In today's lesson, you'll discover key responsibilities of relationship building executives that will grow your business. Just minding one of these responsibilities can create superior results in your relationship building efforts.
What value do you receive minding all of these responsibilities?? You'll learn just that in the next lesson on getting employees involved in building customer relationships.
Do you want team support for your relationship building efforts? Besides your responsibility to society, discussed in "An Executives Responsibility To Society," a relationship building executive charges themselves with other responsibilities directly related to relationship building. Here are nine that will make relationship building easier:
Lead by example without expecting one thing from the front-line and another for management.Be aware that everyone in your organization studies your actions; it's critical you be on your best behavior because everyone is waiting to follow your lead or relish in your failure. Lead by actions, not intentions, with consistency at all levels.
Make ethics a culture. Put in place checks that provide fair and beneficial solutions for all customers. It should be normal to seek the win-win-win benefits of healthy business relationships, establish simple guidelines to frame each employee prospective of what the company does and doesn't do.
Reward relationship builders. Provide incentive to sales and marketing that encourage long-term profitable customer relationships that grow in size over time. Know whom your profitable customers are, what makes them valuable, integrate this into your training and reward systems.
Cultivate your inner circle. Surround yourself with useful people who have strong ethical standards, who enhance your ability to lead, and who provide various resources to accomplish a specific business objective. Start with a small inner circle of select connections both in and out of your business.
Ask meaningful questions. Learn first about problems before presenting solutions, better yet; ask questions that help employees solve their own problems within the context of corporate objectives.
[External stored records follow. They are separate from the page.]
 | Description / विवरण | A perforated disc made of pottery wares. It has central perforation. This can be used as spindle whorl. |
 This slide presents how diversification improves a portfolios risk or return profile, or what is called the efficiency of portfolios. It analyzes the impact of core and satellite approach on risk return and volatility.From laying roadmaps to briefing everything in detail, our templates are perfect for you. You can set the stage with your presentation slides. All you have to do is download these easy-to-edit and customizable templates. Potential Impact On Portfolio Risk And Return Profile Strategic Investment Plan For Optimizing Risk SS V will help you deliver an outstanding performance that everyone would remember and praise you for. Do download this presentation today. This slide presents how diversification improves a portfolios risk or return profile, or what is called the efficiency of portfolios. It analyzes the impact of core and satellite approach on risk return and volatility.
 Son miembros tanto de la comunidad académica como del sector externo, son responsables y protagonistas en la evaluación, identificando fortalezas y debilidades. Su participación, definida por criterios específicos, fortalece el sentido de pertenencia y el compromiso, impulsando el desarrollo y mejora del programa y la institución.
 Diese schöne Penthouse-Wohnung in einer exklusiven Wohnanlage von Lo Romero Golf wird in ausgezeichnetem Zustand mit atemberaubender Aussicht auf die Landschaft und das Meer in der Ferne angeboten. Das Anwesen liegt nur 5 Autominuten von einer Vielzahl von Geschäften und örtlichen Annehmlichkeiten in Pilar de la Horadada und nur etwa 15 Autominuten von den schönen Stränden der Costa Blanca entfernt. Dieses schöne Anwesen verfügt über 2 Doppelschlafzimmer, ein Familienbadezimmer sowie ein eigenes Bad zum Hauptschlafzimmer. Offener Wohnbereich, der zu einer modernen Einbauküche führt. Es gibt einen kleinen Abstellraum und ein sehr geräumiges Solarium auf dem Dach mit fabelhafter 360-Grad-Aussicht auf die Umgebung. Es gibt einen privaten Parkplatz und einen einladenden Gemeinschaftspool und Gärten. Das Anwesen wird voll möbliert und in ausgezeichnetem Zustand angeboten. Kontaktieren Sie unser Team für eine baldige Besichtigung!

Manage with a map and compass, not by the seat of your pants.
Make employees responsible for success and failure. Do this by delegating both responsibility and authority with specific guidelines for reporting results. Be sure to define the successes desired, provide adequate resources, and use a monitoring system that works well with your type of business.
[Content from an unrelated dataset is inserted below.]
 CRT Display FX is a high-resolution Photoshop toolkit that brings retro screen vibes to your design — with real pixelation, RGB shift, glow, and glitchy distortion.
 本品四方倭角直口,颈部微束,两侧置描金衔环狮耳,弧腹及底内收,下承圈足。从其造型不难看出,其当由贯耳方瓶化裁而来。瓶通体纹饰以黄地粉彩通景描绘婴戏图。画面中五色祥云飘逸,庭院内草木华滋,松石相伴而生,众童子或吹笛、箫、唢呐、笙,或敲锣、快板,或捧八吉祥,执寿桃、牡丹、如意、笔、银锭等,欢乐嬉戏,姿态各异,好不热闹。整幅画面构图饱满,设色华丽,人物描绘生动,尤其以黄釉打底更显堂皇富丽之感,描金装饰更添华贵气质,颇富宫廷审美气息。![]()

Balance internal and external relationships. Cultivate the value of employee-to-employee relationships as much as company-to-customer relationships. The quality of the relationship you have with employees reflects on the quality of their relationship with customers. This is especially important to remember in interdepartmental relationships.
Communicate with your inner team. Cultivate strong leadership opportunities by being clear about acceptable behavior, desired results, and your management's role in the mutual gain of reaching these points. Encourage bidirectional dialog on relevant topics pertaining to reaching business objectives, welcome contrary opinions, and take time to listen.
Invite feedback, new ideas, and collect details to improve business. If you could do it alone, you wouldn't have employees, partners, or others who help move you towards your objectives. Encourage new ideas from all levels of your organization in a paced forward thinking manner.
Cultivating business relationships is hard work, but the rewards include lasting growth at lower costs. Fortunately, many of these responsibilities are also qualities of a good leader. Which of these points will help you create superior results in your every day working life?